Model assumptions were checked using histograms and QQ-plots. The QQ-plot revealed a right-skewed distribution of the variable 'Total nursing workload'. We performed a logarithmic transformation in order to achieve normal distribution. All other metric variables were approximately normally distributed.

Neurological conditions

Model with Barthel Index

Data from 49 patients were available for multiple analyses. The BI score, age and sex explained 47.6% of the variance of total nursing workload. Details on the model are presented in table 4.

Table 4.

Variables predicting nursing workload in patients with neurological conditions selected by the 'least absolute shrinkage and selection operator' (LASSO).

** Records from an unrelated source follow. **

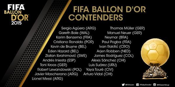 ФИФА на своем официальном сайте опубликовала список из 23-х претендентов на "Золотой мяч"-2015.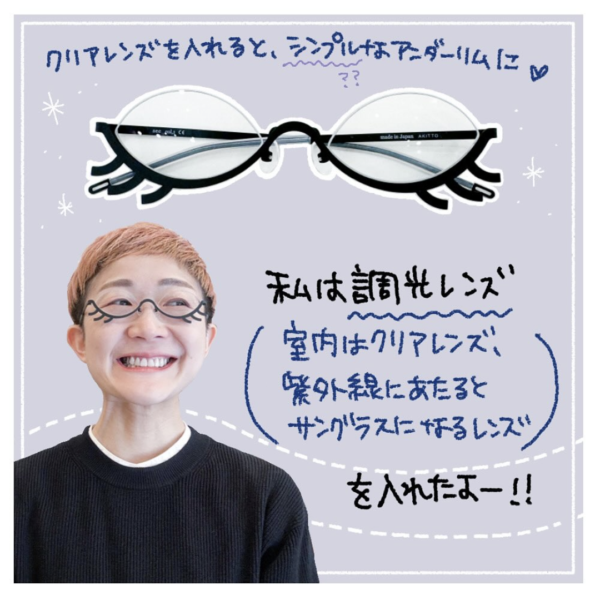 ちなみにクリアレンズを入れると、シンプル?? なアンダーリムのメガネに変身😊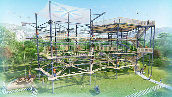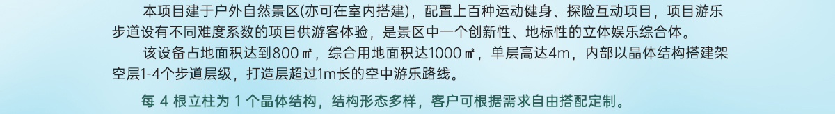本項(xiàng)目建于戶外自然景區(qū)(亦可在室內(nèi)搭建),配置上百種運(yùn)動(dòng)健身、探險(xiǎn)互動(dòng)項(xiàng)目,項(xiàng)目游樂步道設(shè)有不同難度系數(shù)的項(xiàng)目供游客體驗(yàn),是景區(qū)中一個(gè)創(chuàng)新性、地標(biāo)性的立體娛樂綜合體。該設(shè)備占地面積達(dá)到800㎡,綜合用地面積達(dá)1000㎡,單層高達(dá)4m,內(nèi)部以晶體結(jié)構(gòu)搭建架空層1-4個(gè)步道層級,打造層超過1m長的空中游樂路線。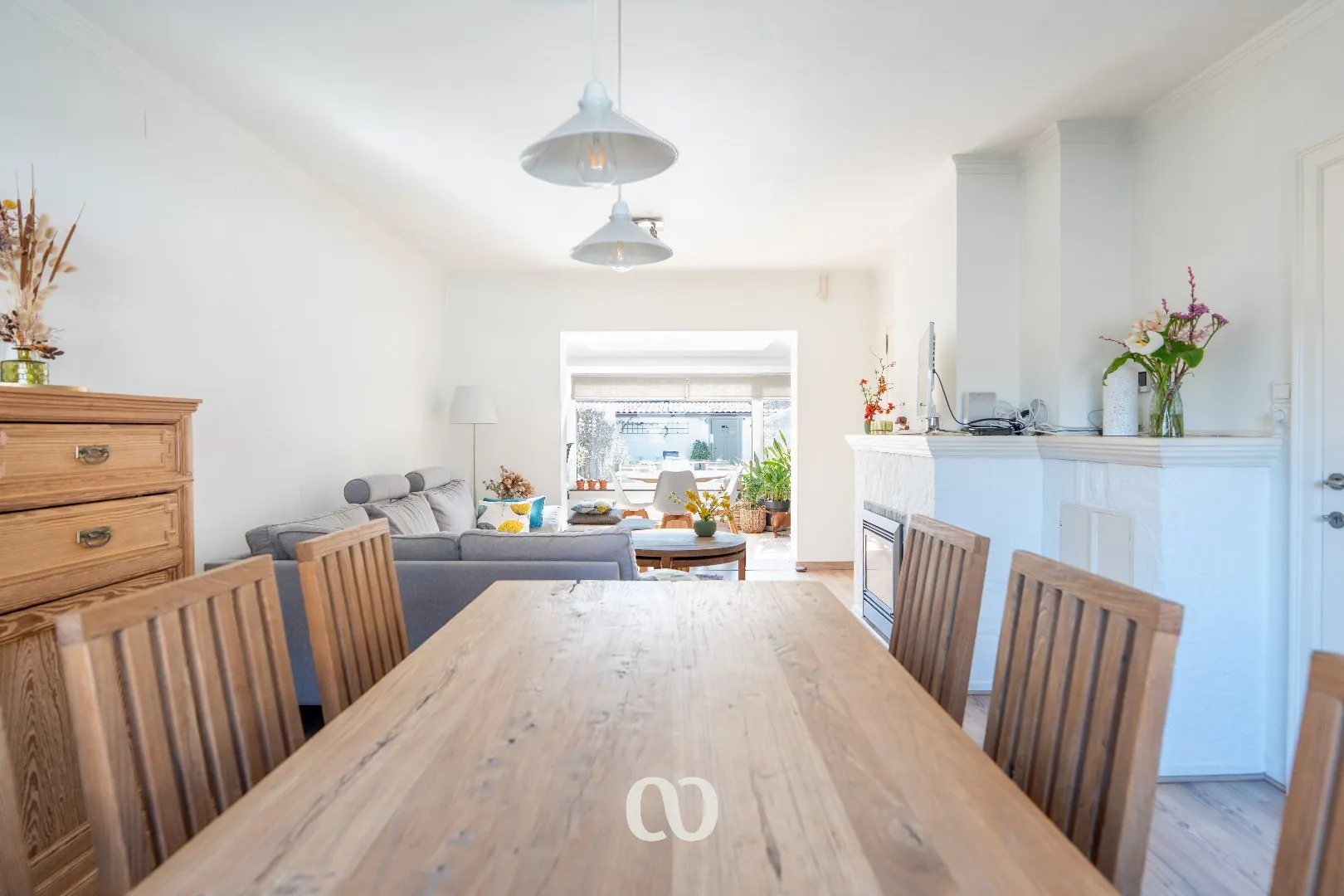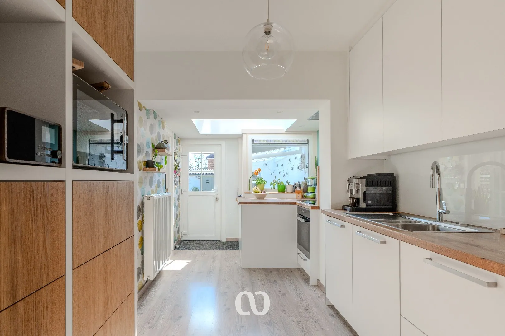 Je komt de woning binnen via de ruime inkomhal. Van hieruit heb je toegang tot de lichtrijke living, die dankzij de open indeling mooi aansluit op de volledig uitgeruste keuken. De keuken beschikt over moderne toestellen en biedt voldoende opbergruimte. Aansluitend is er een gastentoilet.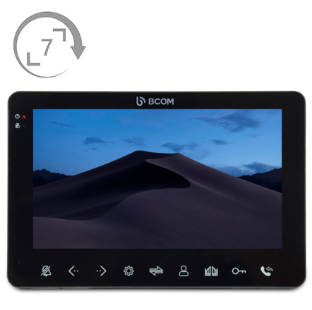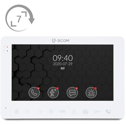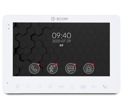 Відеодомофон BCOM BD-780 White з кольоровим 7-дюймовим TFT-екраном, сенсорними кнопками керування і можливістю підключення 2 панелей виклику. Колір - білий.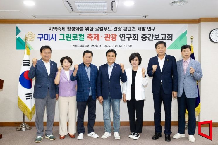 구미시의회 의원 연구단체 '구미 그린 로컬 축제·관광 연구회'(대표의원 김영태)는 지난 26일 구미시의회 3층 간담회장에서 '로컬푸드 활용 축제콘텐츠 개발을 통한 관광 활성화 방안 연구' 용역 중간보고회를 개최했다.

Model with Barthel Index n = 49 Model with ICF categories n = 77
Variable Estimate P-Value Estimate P-Value
Age 0.01 0.4085 0 0.5137
Sex (male) -0.32 0.1588 -0.35 0.0774
Barthel Index -0.02 <.0001
b147 Psychomotor functions 0.32 0.0517
b525 Defecation functions 0.65 0.0061
b620 Urination functions 0.22 0.0797
d420 Transferring oneself 0.07 0.7176
d520 Caring for body parts 0.41 0.0674
R-squared (R-squared adjusted for number of variables in the model) 0.4758 (0.4409) 0.4928 (0.4414)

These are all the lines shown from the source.